Sunday, January 3, 2016

Top Investments for 2016

2015 Year in Review

The story of 2015 was the carnage in commodities and the weak Canadian Dollar.  This has been a reoccurring theme on this blog.  This is what I said last year.

"Fellow Canadians could have benefited from the fall in commodities by not owning Canadian Dollars.  Canadians who invested in the US not only realized out sized gains this year, they also realized foreign currency gains that contributed an additional 7% to their returns.
I figured it was only a matter of time before oil fell and boy did it in fall off a cliff in 2014.  Similarly, the falling Canadian dollar was another theme that continued in 2014.  As I have said before this is a great way to be short commodities since the Canadian dollar is very closely tied to commodity prices."

By owning USD assets, the gain for Canadians was 19% this past year.  Here is what happened to commodities in 2015. 


2015 Market Returns





Market returns were mostly flat with the commodity heavy TSX falling the most.  As most Canadians are now aware, it was a fantastic year to own USD assets.   

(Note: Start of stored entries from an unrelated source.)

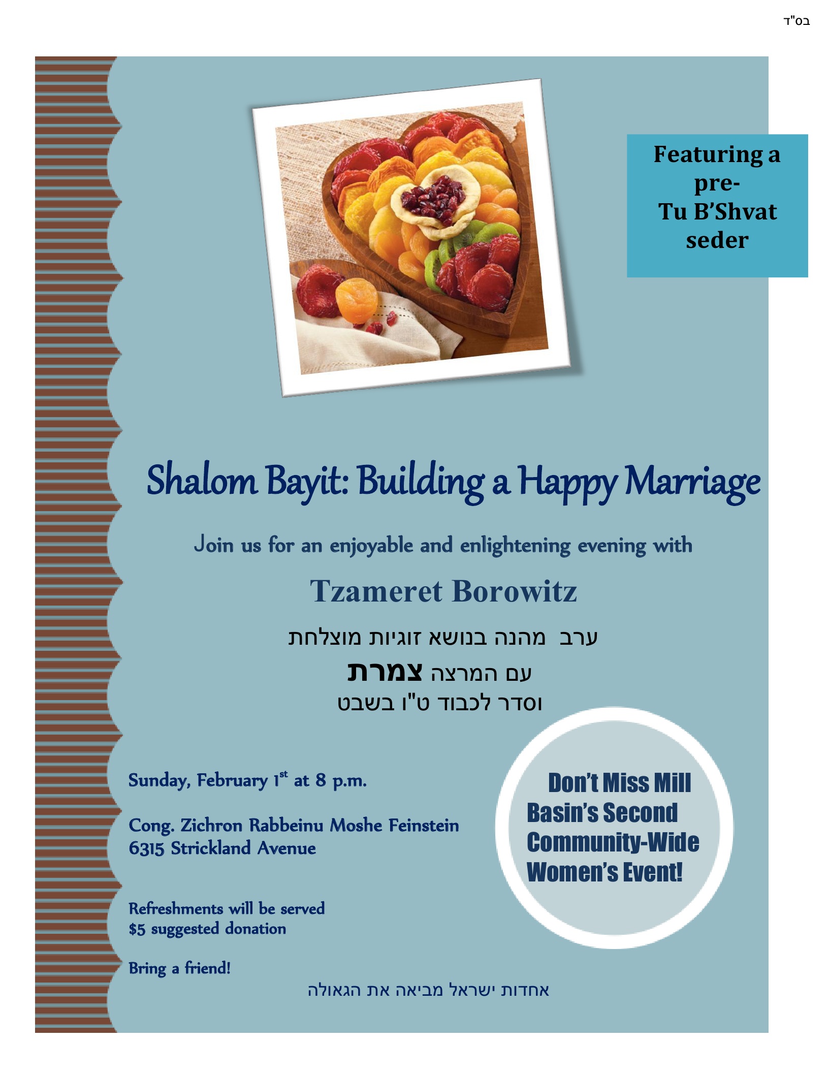 Tzameret Borowitz, well-known speaker and lecturer, will speak on
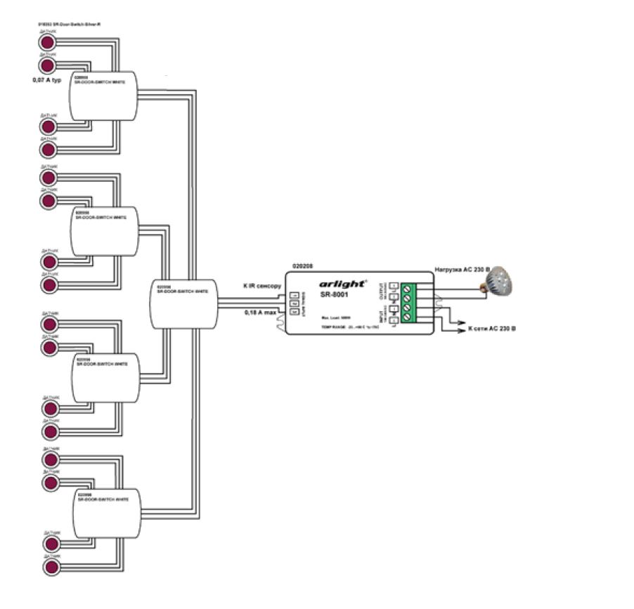 ИК-сплиттер SR-Door-Switch White предназначен для подключения до 4 ИК-датчиков к одному блоку управления (4 входа, 1 выход). Работает совместно с диммерами SR-2901, SR-8001B, SR-8001BDC (приобретаются отдельно). Размеры корпуса составляют 51х30х16 мм, а длина кабеля 1,5м. Отличное решение по оптимизации системы управления в многоуровневых мебельных конструкциях.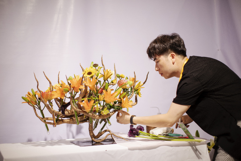 “輕攏慢捻抹復挑,插花也如琵琶語?!庇浾咴诂F(xiàn)場看到,選手們沉浸在插花藝術創(chuàng)作中,鮮花、枝葉在他們的手中經(jīng)過一番規(guī)整修剪,又如繪畫般慎重落下一抹畫筆,嬌艷綻放的鮮花在新的布局下,逐漸呈現(xiàn)出定格的自然之美、線條之美與意境之美,花藝設計本身的創(chuàng)作過程,就是一場賞心悅目的藝術呈現(xiàn),人和花交流的過程,也會讓人們更加能夠體會到生命的真實與絢爛。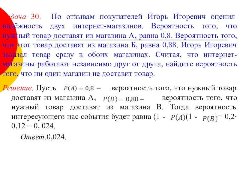 Решение. Пусть вероятность того, что нужный товар доставят из магазина А, вероятность того, что нужный товар доставят из магазина B. Тогда вероятность интересующего нас события будет равна (1 - )(1 - )= 0,2∙ 0,12 = 0, 024.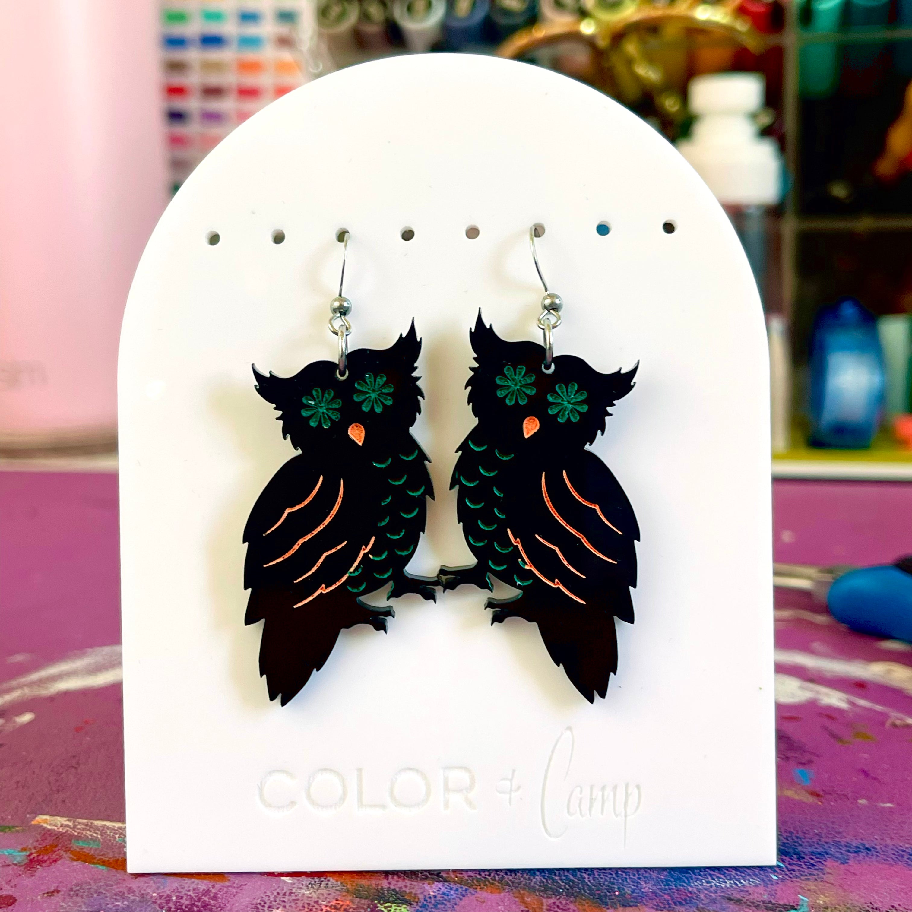 My grandma collected owls during the late 70s into the 80s and these spooky little groovy owl earrings are inspired by her. Black owls with orange and green accents and daisies for eyes scream 70s nostalgia.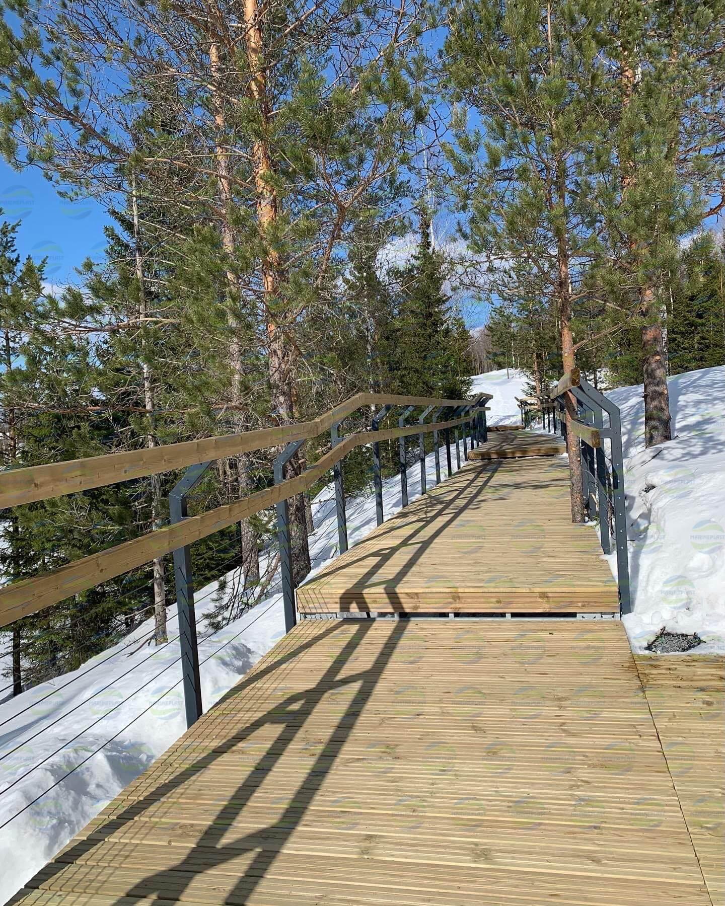 - Сеть деревянных дорожек и лестниц, ведущих по самым живописным береговым линиям и крутым склонам. Конструкции из импрегнированной хвойной древесины на стальном каркасе устойчивы к капризам северного климата и гарантируют безопасность.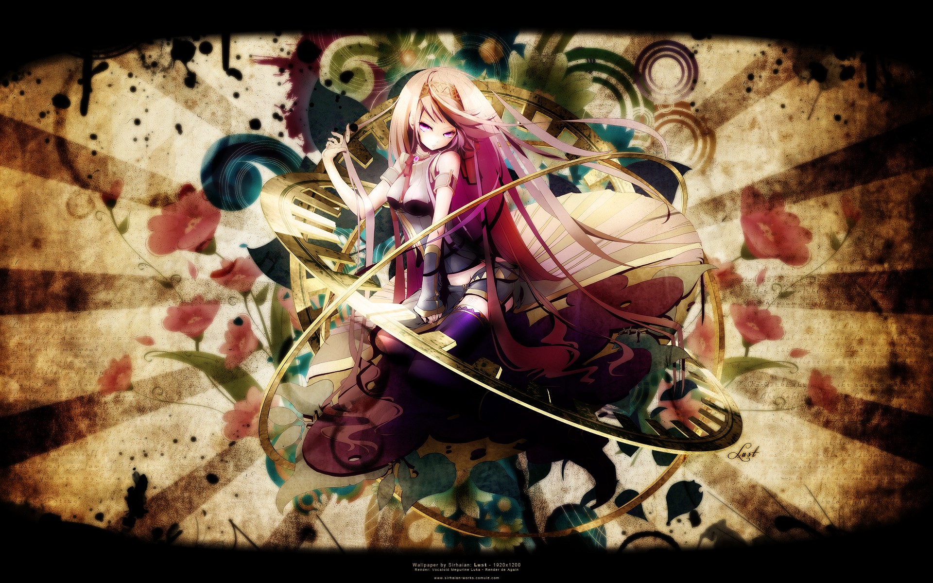 Description: A anime girl with long hair and a pink dress is standing in a floral pattern with a sword in her hand.
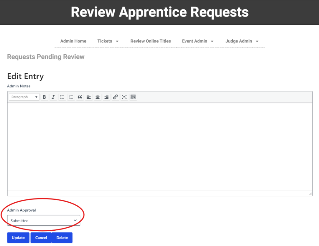 Add notes as needed. These notes are visible to both the apprentice judge and NASDA administration.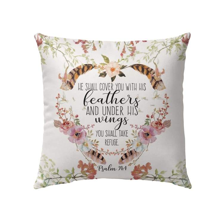 Bible Verse Pillow Case – Psalm 91:4 Feathers & Floral Design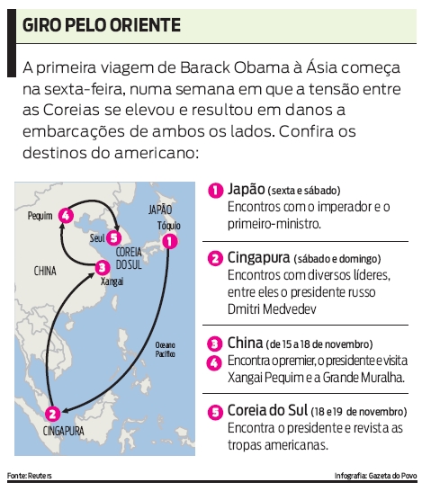 Na semana em que o conflito entre as Coreias ficou mais tenso, o presidente Barack Obama parte para um giro pela Ásia de nove dias. Ele visita o Japão amanhã e sexta, e depois segue para Cingapura, China e Coreia do Sul.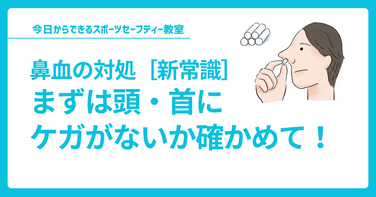 鼻以外に痛いところはないか、特に首に痛みがないか、めまいや頭痛などの脳振盪の症状がないかなど、鼻血の処置を行いながら並行して、頭や首のケガを疑うような症状を確認することが大切です。
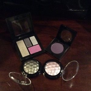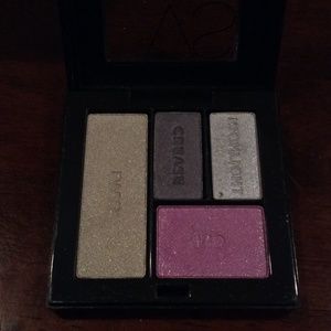Eyeshadow quad "Uptown Glam" used twice, matte purple "Wild at Heart" swatched once, metallic charcoal eyeshadow "Provocative" swatched once, and metallic pinky lilac "Intrigue" used once.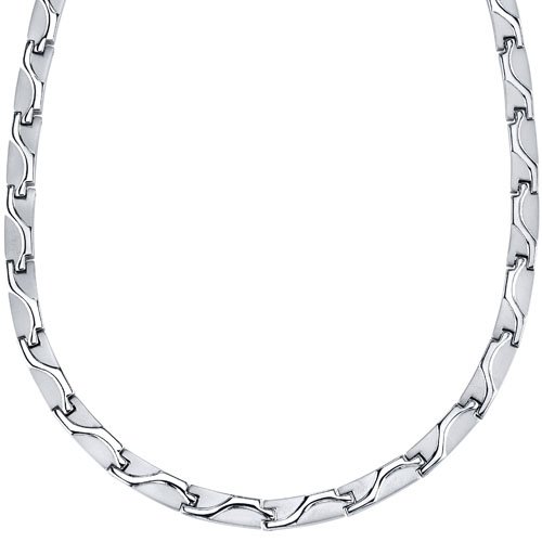 This bold and sophisticated statement is for the fashion forward individual. An impressive, brushed surface with polished wave design in high quality Titanium enhances the sturdy and tightly linked pattern. Any occasion and every ensemble will get a dash of fresh verve when you wear this season?s must-have. You can wear this as a single strand or layer it with your favorite necklaces in your exist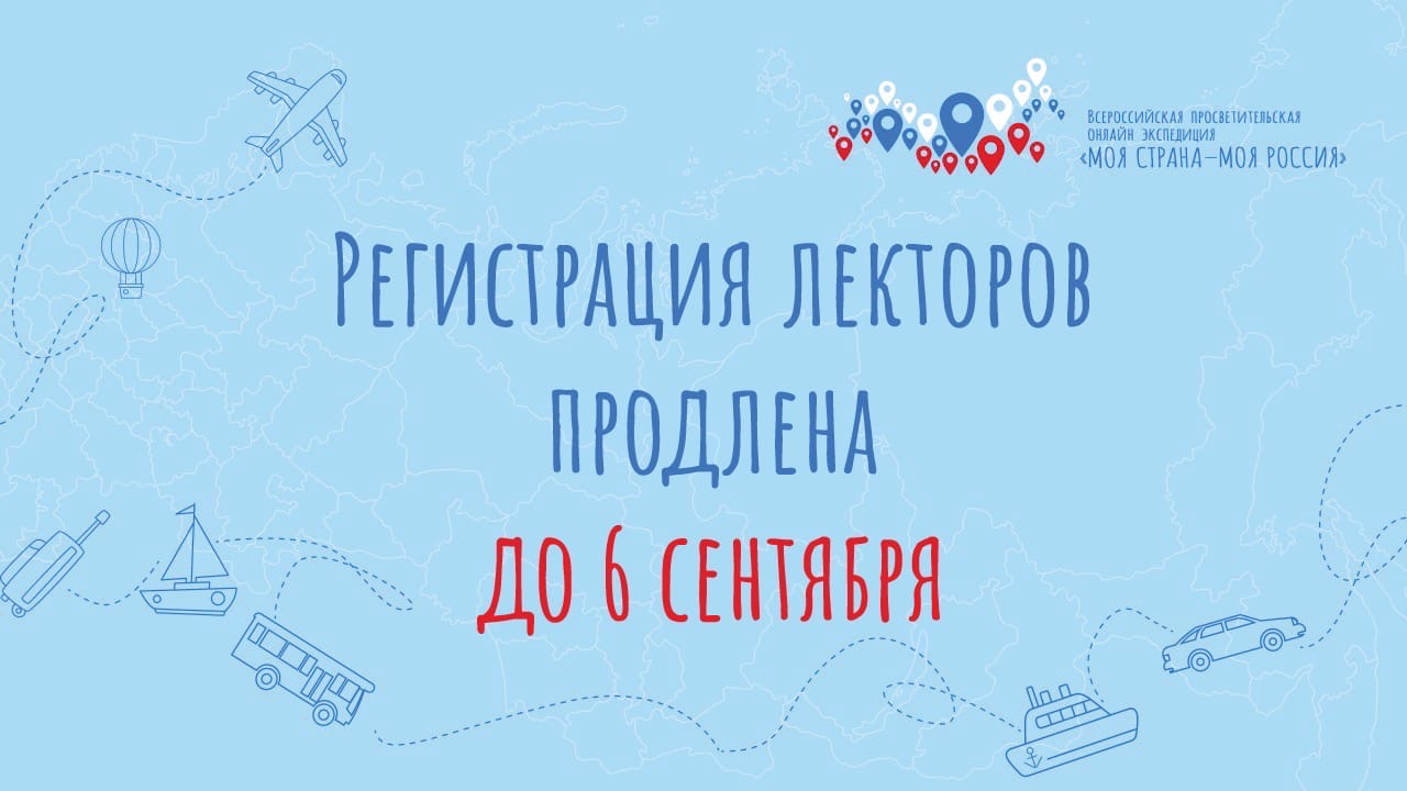 Дорогие друзья! Мы знаем, какой непростой бывает первая неделя учебного года, поэтому решили продлить регистрацию лекторов Всероссийской просветительской онлайн-экспедиции «Моя страна – моя Россия» до 6 сентября (подать заявку можно до 06.09.2020 23:59 по Московскому времени).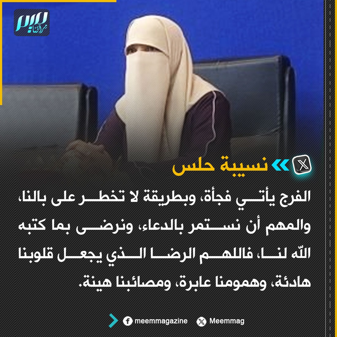حلس: الفرج يأتي فجأة، وبطريقة لا تخطر على بالنا، والمهم أن نستمر بالدعاء، ونرضى بما كتبه الله لنا، فاللهم الرضا الذي يجعل قلوبنا هادئة، وهمومنا عابرة، ومصائبنا هينة.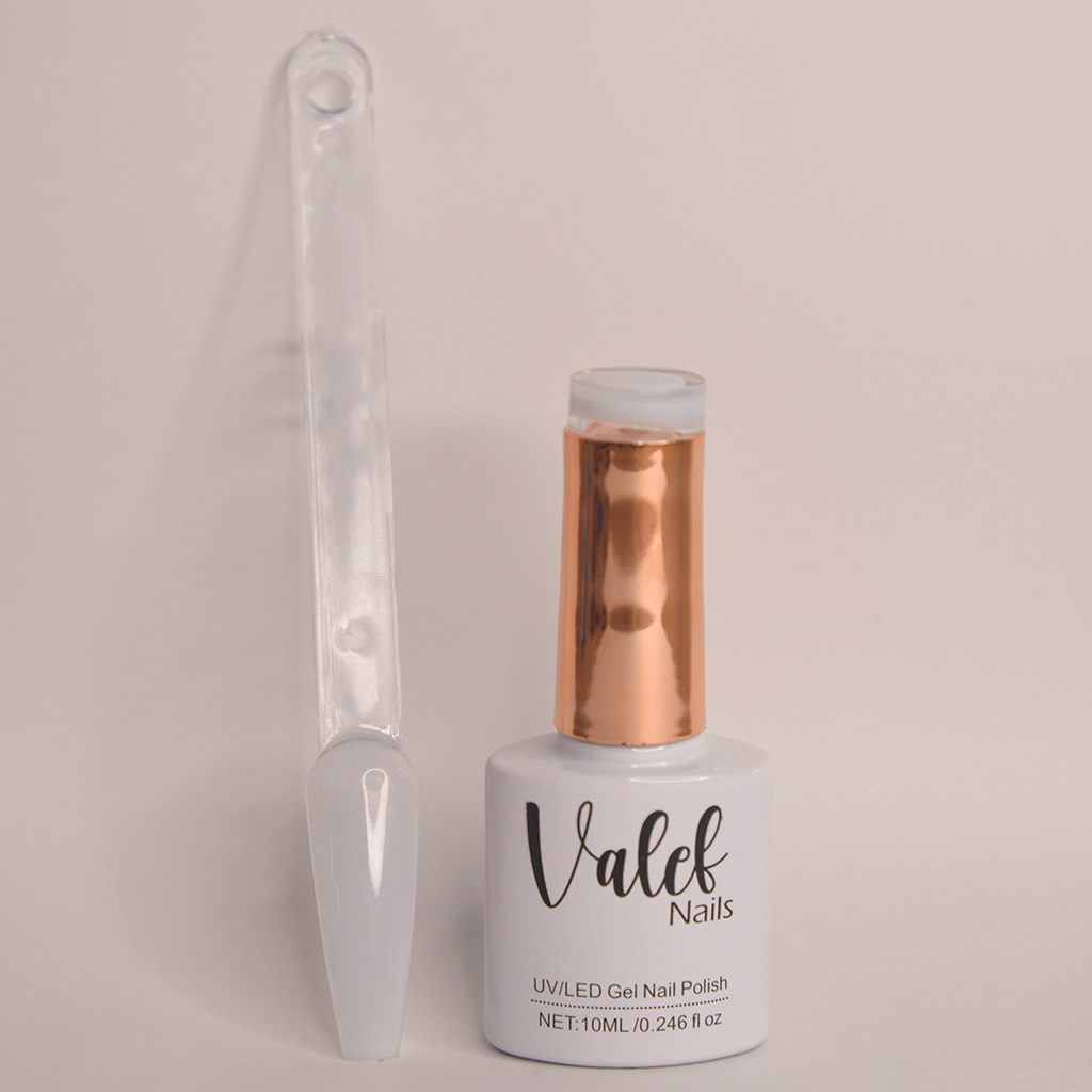 Nuestro esmalte T01 es un tono blanco traslúcido.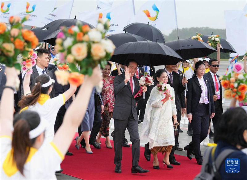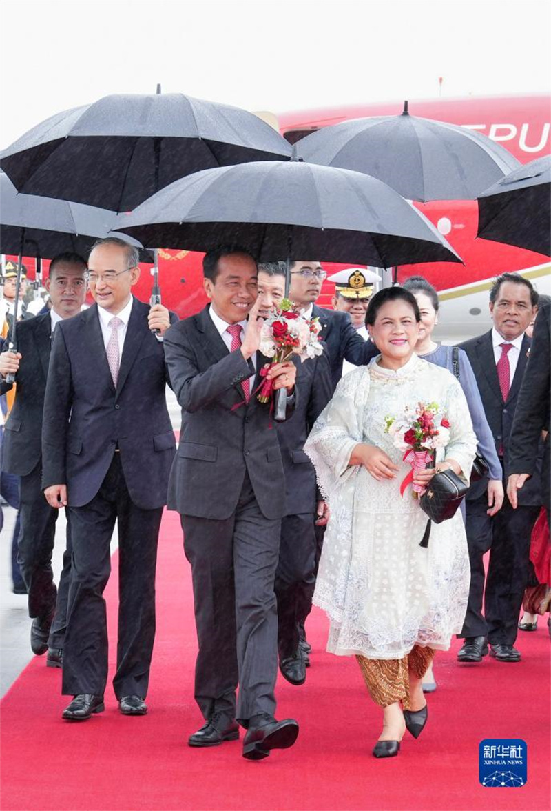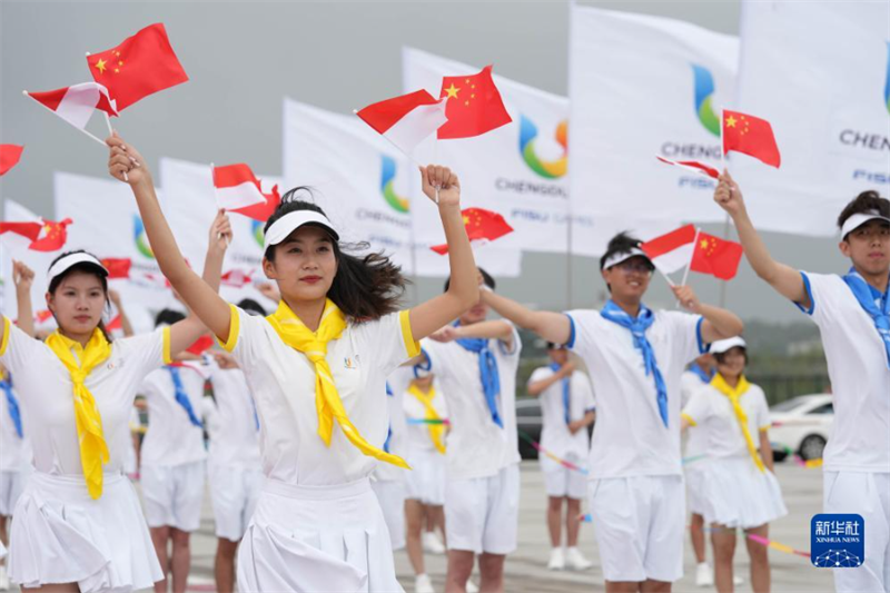 7月27日下午,來(lái)華出席成都大運(yùn)會(huì)開(kāi)幕式并訪(fǎng)問(wèn)的印度尼西亞總統(tǒng)佐科抵達(dá)四川省成都市。這是歡迎儀式現(xiàn)場(chǎng)。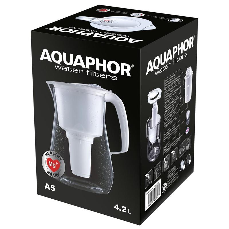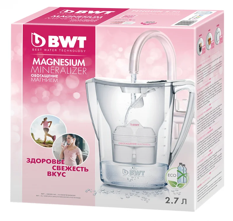 Carafe filtrante d'un volume de 2,5 litres et d'un entonnoir de 1 litre. La cartouche amovible est installée à l'aide d'un raccord fileté, ce qui augmente l'étanchéité du produit et évite les fuites de liquide non traité dans le réservoir de réception. L'avantage du modèle est la présence d'une minuterie électronique qui informe les utilisateurs de la nécessité de changer le filtre. Il fonctionne sur le principe d'un aimant et détermine le volume d'eau fourni pour le traitement.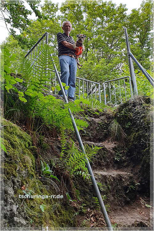 56 Stufen rauf und 56 Stufen runter. Vorsichtshalber gegen Absturz gesichert, schafft Yukon die fast allein. |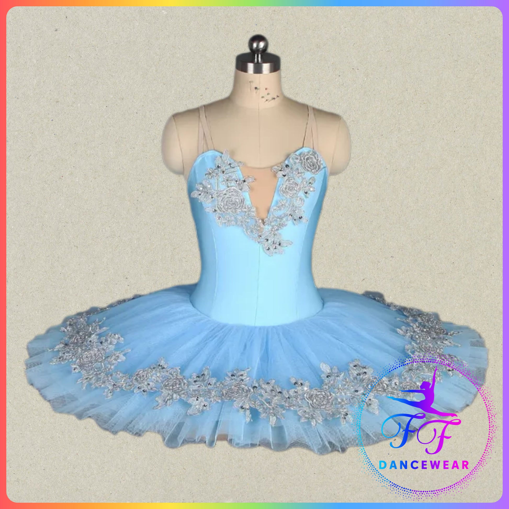 Blue Floral Trim Professional Ballet Pancake Tutu (Child & Adult Sizes)

2015 Stock Recommendations

So how did the stock recommendations for 2015 turn out?  Total returns include dividends and I also included what the total returns were in Canadian dollars (CAD).  Overall the results were terrible but were helped greatly by the falling Canadian dollar.   




Despite the very poor returns, I still like many of the names on the list.  They are cheap and some got really cheap this year.  That is the way it goes some times. 

Since I have been at this blog for 5 years now, I thought I would include the following graph.  Picks on this blog have soundly trounced the Canadian market. 

 


Top Investments for 2016

IBM (NYSE – IBM, $137.58)

Ezcorp (NASDAQ - EZPW, $4.99)

POSCO (NYSE - PKX (ADR), $35.36)

Peyto Exploration (TSX - PEY, $24.87)

Russel Metals (TSX - RUS, $16.07)


I still like IBM, EZPW, and POSCO.  See what I said about them last year for more information.  During the past year I have purchased more IBM and EZPW. 

The two new names on the list are Canadian companies.  The benefit from owning USD assets is nearly over, however the Canadian dollar will likely weaken further in the coming year.  These two new companies will add some energy exposure while both being very low risk.  The are both still profitable.  All of the companies on the list have large upside potential.

Peyto is a natural gas company.  They earned $37 million CAD in Q3 2015, more than every other oil and gas company in Canada except the major integrated oils.  Peyto is the lowest cost gas producer in Canada, and with hedges they are still profitable.  That said, if now isn't the time to buy natural gas assets, I don't know when is.  Nearly every natural gas company is Canada is losing money big time.  If gas prices stay low this year, expect numerous bankruptcies.  Natural gas prices have only one direction to go, and that is up. 

Russel Metals is one of the largest steel service centers in Canada.  Russel earns half of it's revenue from the oil patch, so it is somewhat tied to the energy market.  Energy activity has been extremely slow so half of their business is struggling.  I still don't expect a strong recovery from the energy market but overall the company will be fine.   The second headwind the company has faced this year is falling steel prices.  As a result, they had to take some write downs of inventory this year.  Steel prices in recent weeks appear to have bottomed.  If steel prices rebound, this headwind will turn into a tailwind and their inventory will appreciate in value.  Service centers, like any other wholesaler, isn't a difficult business to run.  They buy steel for a dollar, mark it up 20% and sell it.  The key is to maximize sales and inventory turns.  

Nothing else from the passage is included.